When Work Anxiety is Correlated with Better Performance

In continuation from an original blog post made on HBR by Tony Schwartz, relating to myths that hold back organizations, I am continuing my take on the 4 myths.

Workplace Anxiety does not correlate with performance.mp3

Myth #2: Workplace Anxiety makes people perform better

There are different forms of anxiety. Anxiety itself doesn’t make us perform. I remember from the Four Hour Work Week it was said that Di stress is bad, U stress is good.  Now the relationship between stress and anxiety is pretty intricate. We have to be careful to distinguish the source of anxiety and also consider the tendencies each individual has in reaction to this.

I remember preparing for a basketball competition when I was younger. I would have moments of anxiety before the game begun. Butterflies filled my stomach. I’d have worries about making mistakes. As I glanced over at the other team, I would see how the competition stacked up. Who was taller? Who was quick? Which guy could I dunk on? The anxiety that I felt did not make me perform any better.

In practices and camps we learned that focusing on the fundamentals was important for overcoming situations where fear and anxiety were present. Through constant reflection on the foundational principles of the game, remembering the team’s practices and drills, I was able to overcome the anxiety and perform better during the game.

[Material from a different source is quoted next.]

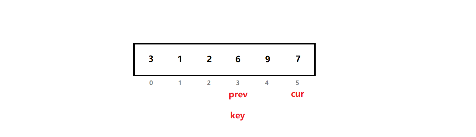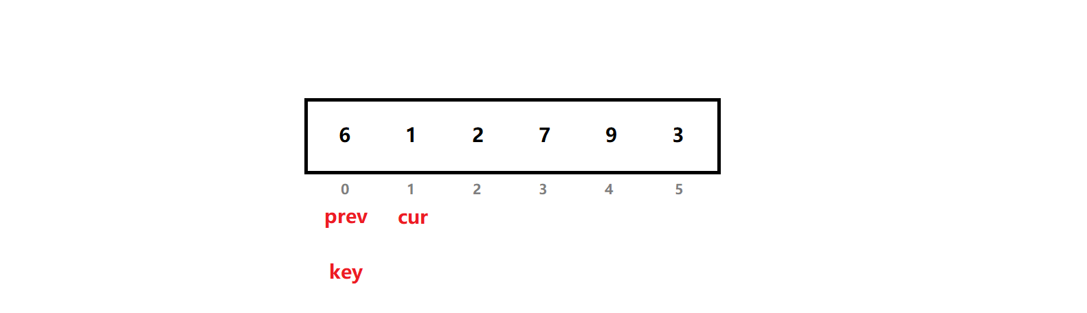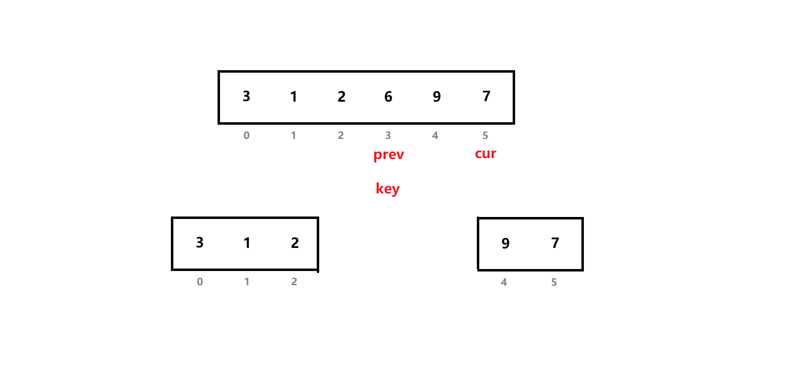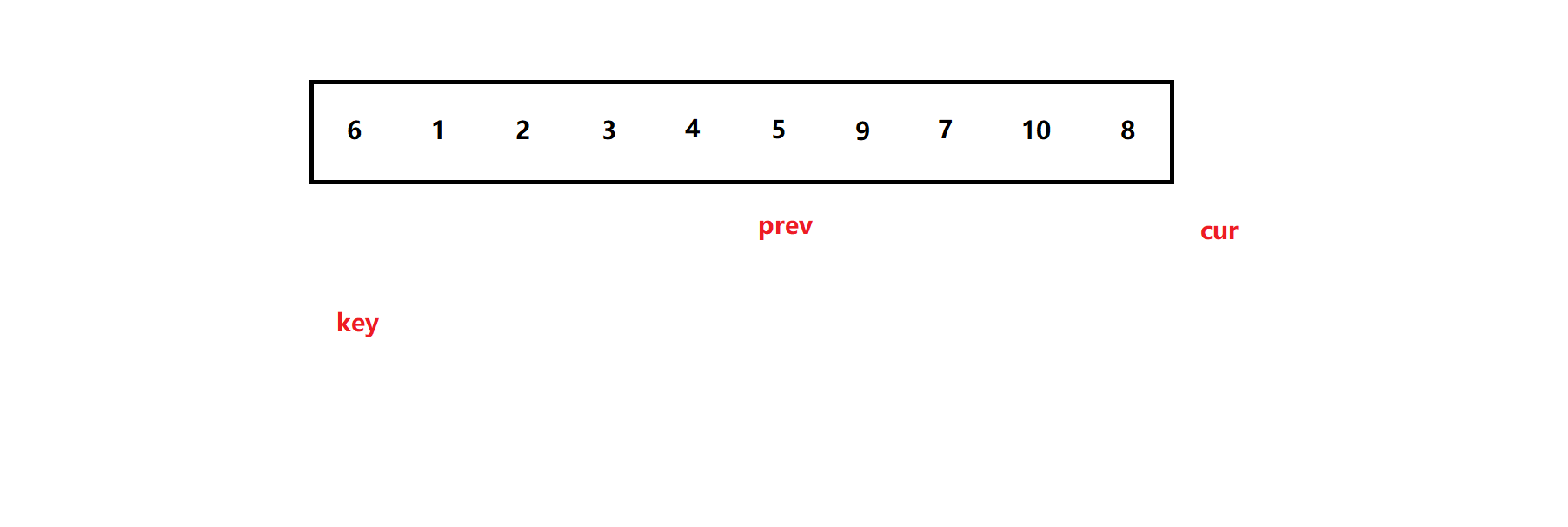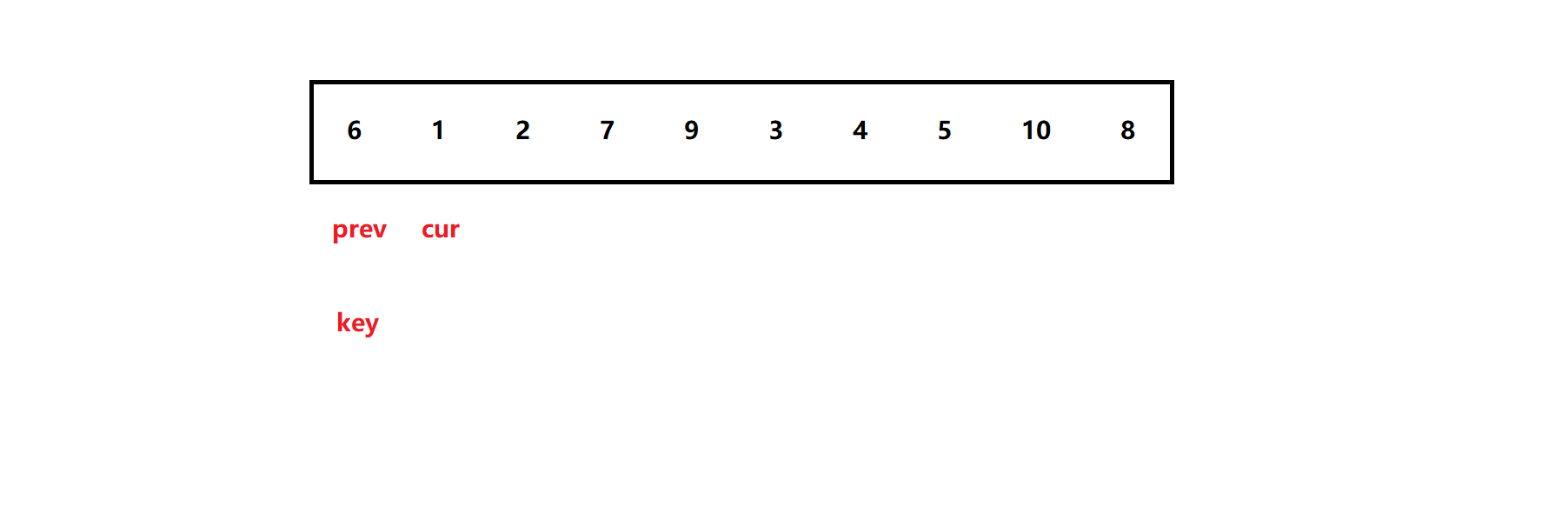 定义基准值下标key ,接着定义下标prev 、cur ,位置如图所示:

Anxiety didn’t help me perform better

The anxiety made me focus on fears and negative possibilities. FOCUS is what allowed me to overcome this. Focus on the fundamentals and “do ordinary things extraordinarily well,” as Jim Rohn would have put it is the key indicator to better performance on the job. Back to the question at hand.

When is workplace anxiety correlated to better performance

Many organizations make the assumption that anxiety correlates to better performance. The thing is…. it’s not. I believe this is an egregious error. Anxiety actually restricts our ability to think clearly and rationally. We can be cloudy from the creative solution that we need when anxiety is too high.

Those who perform best in high anxiety situations have learned to manage and deal with things in a constructive way. I’d be interested in looking at how individuals sublimate (transfer the energy) anxiety into other forms of that equate to better performance.

What can I do to ease my anxiety?

Each person will have their own formula for dealing with stress and anxiety in the workplace. Is it a healthy or destructive habit? That is the question. Some tips for dealing with anxiety:

  1. Find your center of balance. What ever this practice may be. Some do meditation, tai chi, prayer, running, tea…. Learning how to center yourself is a great way to reopen the gates of clarity and creativity.
  2. Focus on the fundamentals. There are always basic foundations that we can fall back on.
  3. Seek a sounding board if your are having trouble. Everyone will come to a point and time where they might need to talk to someone about what is going on. Find that person you can confide in. Remember not to make a fair exchange and also take opportunities to listen as well.

Ideas For Leaders and Organizations

  1. Setup a regression room. Fill it with bean bags, silly putty, slinkies, etc. Sometimes having place to retreat and do mindless work unlock new ideas.
  2. Leaders be aware of your anxiety. As leaders, remember that your feelings can be highly contagious. If you are stressed about a situation, your team will feel it.